Между тем за время школьной жизни Адама Мицкевича
произошли два события, получившие большое значение в развитии юноши.
Первым из них была смерть отца, последовавшая в мае 1812 года и
заставившая его с этих пор заботиться о посильной помощи осиротевшей
семье. Второе из этих событий имело более общий характер – это было
начало войны 1812 года между Россией и Наполеоном и вступление войск
последнего, среди которых находились и польские отряды, в Литву.
Обещания Наполеона восстановить Польшу увлекли за ним сердца большинства
поляков, и лишь незначительная часть продолжала возлагать свои надежды
на императора Александра. Общий энтузиазм к французам проник и в
Новогрудок и выразился с полною силою при проходе через него нескольких
корпусов армии Наполеона под начальством Иеронима Бонапарте, короля
Вестфальского. Дом Мицкевичей был назначен под королевскую квартиру;
хозяева, конечно, должны были удалиться, но 14-летний Адам, спрятавшись
за забором, ожидал прибытия короля и успел его увидеть. Эта блестящая
картина французского войска, вместе с восторженными рассказами солдат о
Наполеоне как о каком-то полубоге, и с всеобщим ожиданием земляков
возвращения независимости родной страны от этого чудодейственного вождя,
навеки запечатлелась в душе мальчика и, способствуя раннему пробуждению
в нем патриотического чувства, в то же время положила основание того
культа Наполеона, который он исповедовал впоследствии. Много лет спустя
Мицкевич поэтически воспроизвел свои тогдашние впечатления в «Пане
Тадеуше»:
Год приснопамятный, великий и единый, Останешься в Литве священной ты годиной! Ты, урожайная красавица-весна, Век будешь сниться нам, обильна и красна Густыми злаками и воинов одеждой, Громами славных битв и ясною надеждой. Досель, переносясь в минувшие года, Тебя, как сладкий сон, я вижу иногда И, скорбию повит, лью слезы и тоскую: Увы! я в жизни знал одну весну такую!.. В
1815 году Адам Мицкевич окончил курс в училище доминиканцев. В это
время один из дальних родственников их семьи, ксёндз Иосиф Мицкевич, был
деканом физико-математического факультета Виленского университета. Он
предложил матери Адама поместить его в университет, обещая, со своей
стороны, устроить его там на казенный счет. При Виленском университете
существовали тогда стипендии, предназначавшиеся для студентов,
готовивших себя в учителя, и определявшиеся по конкурсному экзамену.
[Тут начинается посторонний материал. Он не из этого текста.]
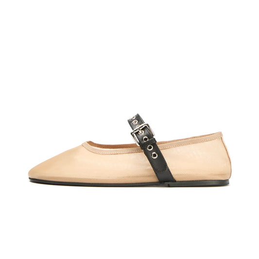 Nude Mesh Round-Toe Ballet Flats With Bridge Strap

Такую стипендию и имел в виду декан для своего родственника.
Действительно, Мицкевич успешно выдержал экзамен и получил стипендию.
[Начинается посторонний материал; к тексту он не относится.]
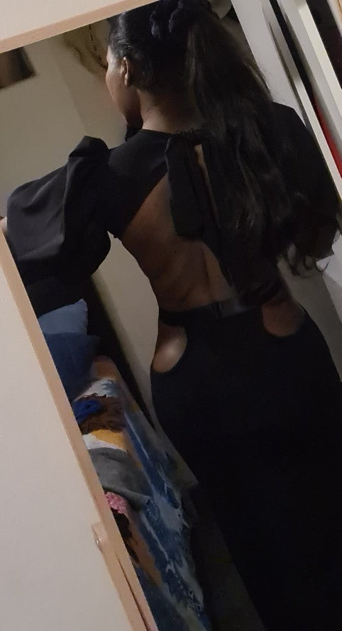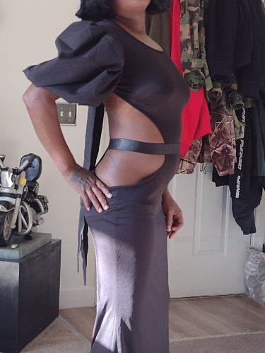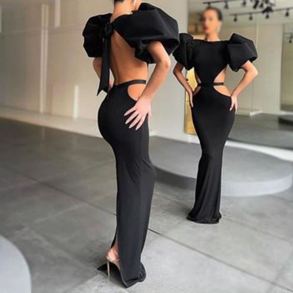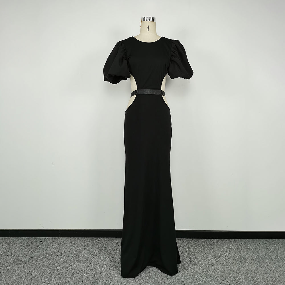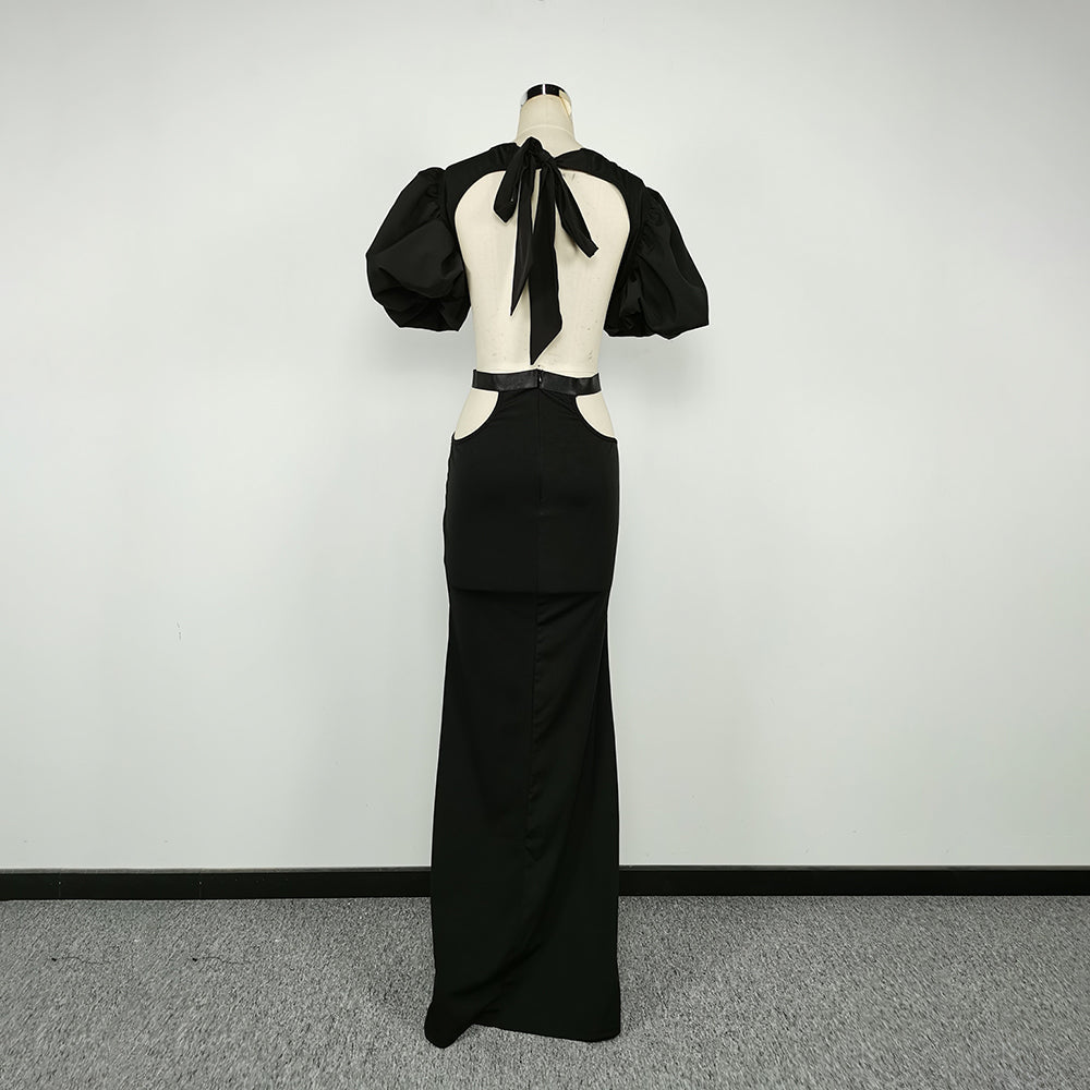Summer Women's Dress Fashion Cut Out Backless Evening Sexy Night Club Party Black Puff Sleeve Celebrity Long Formal Dress

Вторым соискателем ее явился молодой человек, который также поступал в
этом году в университет и позднее стал одним из самых близких друзей
Мицкевича, – Фома Зан. На экзамене они впервые познакомились, и неудача
Зана не помешала их сближению, становившемуся чем дальше, тем теснее.
Поступая в университет, молодой Мицкевич еще не определил окончательно,
какие отрасли наук привлекают его к себе. Он избрал было, – может быть,
под влиянием родственников, – физико-математический факультет, но пробыл
на нем недолго, не более полугода, и перешел на
историко-филологический, более соответствовавший его наклонностям.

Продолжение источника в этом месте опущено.